Tim Bunce Tim.Bunce@pobox.com
Sat, 16 Nov 2002 21:45:21 +0000


On Fri, Nov 15, 2002 at 02:36:42PM -0800, Hilmar Lapp wrote:
> 
> > The first time a method is called there is a lookup to
> > find it. After that the result is cached. Unless someone
> > explicitly plays with that portion of the symbol table
> > further use of the method is no worse than a subroutine
> > call. If an AUTOLOAD installs the method and does a goto
> > then the method will be called at full speed from then on.

Remember that all methods must be pre-declared (using "sub foo;")
otherwise you can run into method lookup problems - if a super class
has a method that should be overridden in the subclass but hasn't been
declared then the AUTOLOAD in the subclass will _not_ be called.
That's because the method lookup searches for what's been declared
before falling back to trying AUTOLOADs.

Another problem is that once the AUTOLOAD for a subclass has been
called there's no way for it to say "sorry, can't load that one,
please keep trying elsewhere". But that's generally not an issue
if all the classes have pre-declared all their methods.

> > Part of Perl's flexability in handling these things is the
> > ability to modify the symbol table on the fly. Caching will
> > normally save most of this expense. Overuse of AUTLOAD with
> > no subroutine installed will be seriously expensive.
> 
> I'm a complete ignorant of how the engine runs I have to admit.
> I made the statement based on Tim Bunce's reviewing our parser and
> object initialization code and the result basically was that we had
> far too many method invocations (along with some other things).
> Once we reduced that the parser in question was ~5-6 times faster.

Methods don't cost much more than subs. Much of the overheads come
from putting the arguments onto the stack and getting them off again:

use Benchmark;
my $obj = bless {} => 'fooclass';
sub fooclass::empty { }
sub fooclass::std   { my ($self, $arg) = @_; return $arg; }
timethese(1000000, {
  s1 => sub { fooclass::empty($obj,1) },
  m1 => sub { $obj->empty(1) },
  s2 => sub { fooclass::std($obj,1) },
  m2 => sub { $obj->std(1) },
});

Benchmark: timing 1000000 iterations of m1, m2, s1, s2...
  s1:  2 wallclock secs (1.60 usr + 0.00 sys = 1.60 CPU) @ 624390.24/s (n=1000000)
  m1:  2 wallclock secs (2.17 usr + 0.00 sys = 2.17 CPU) @ 460431.65/s (n=1000000)
  s2:  4 wallclock secs (3.45 usr + 0.01 sys = 3.46 CPU) @ 288939.05/s (n=1000000)
  m2:  5 wallclock secs (4.58 usr + 0.00 sys = 4.58 CPU) @ 218430.03/s (n=1000000)

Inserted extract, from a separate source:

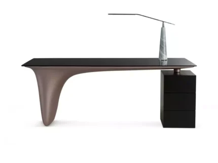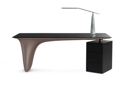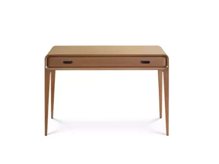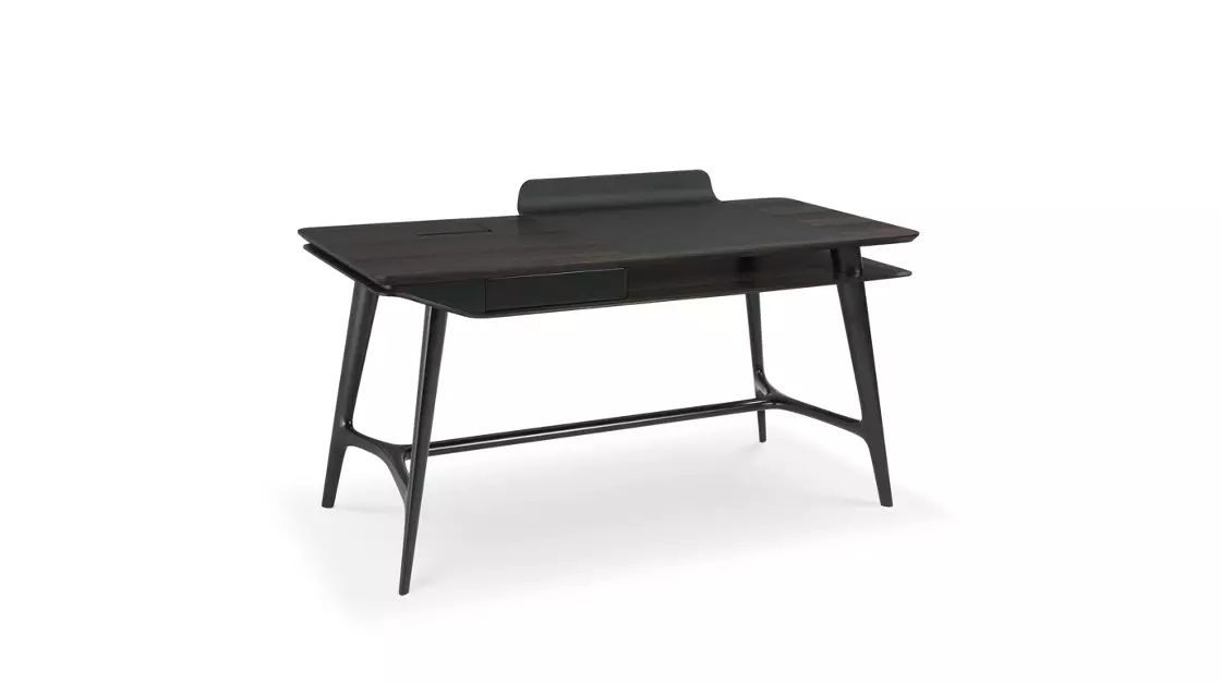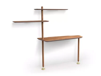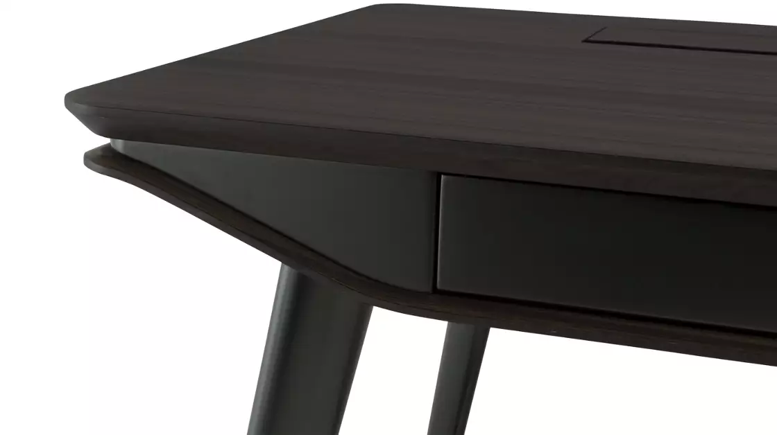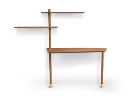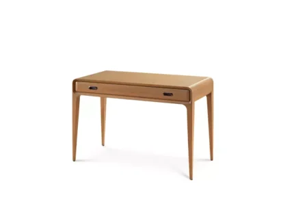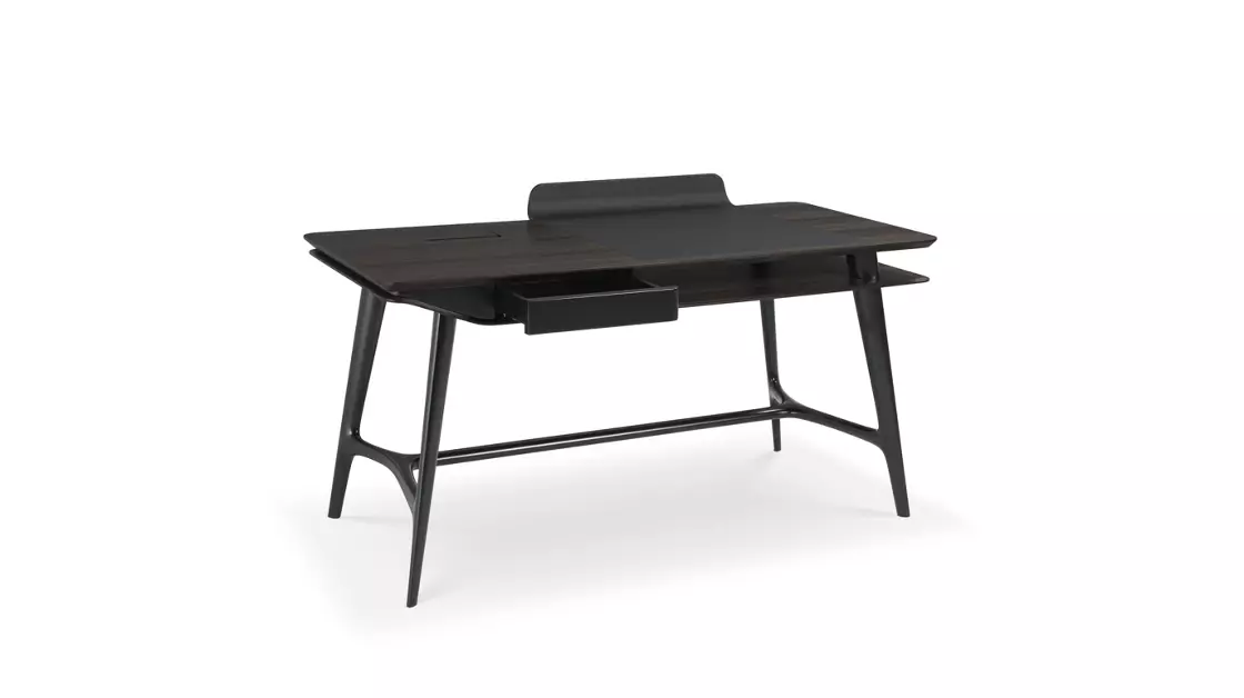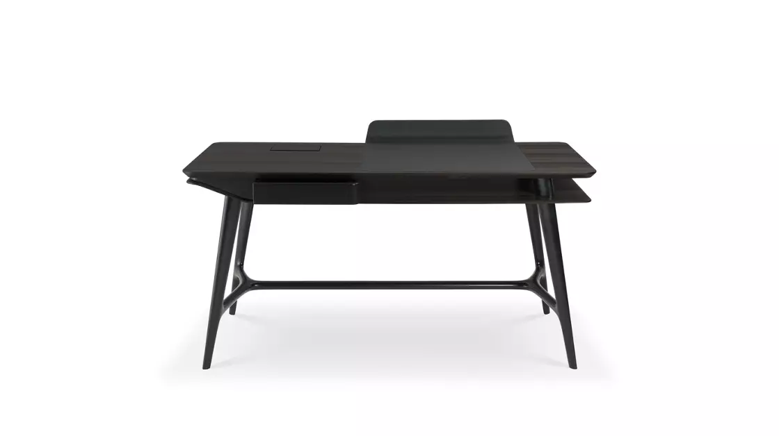 Bureau d’appartement, Arial fait dialoguer deux plateaux en bois biseautés. L’espace qui les sépare abrite une niche et un tiroir (à gauche ou à droite) jusqu’à ce qu’ils se rejoignent en un élégant mouvement de vague.

You could say s1 is much faster than m1, but as soon as you try to
do anything useful within the sub then the difference becomes far
less significant (s2 vs m2). And even the slowest is able to do
over 200,000 calls per second - so these differences, in themselves,
are rarely where the problems are.

I'd guess that you all have better things to do than spend much
time fussing about accessor methods. But if you want to know my
performance perspective it's this: given the slow down demonstrated
above by just two trivial statements in std() then for maximum
performance it should be obvious that separate set_* and get_*
methods are needed so that each can have the smallest amount of
code, which is probably:

	sub set_foo { shift->{foo} = shift }
	sub get_foo { shift->{foo} }

Tim [who was 'just passing' and isn't really paying any attention to this list]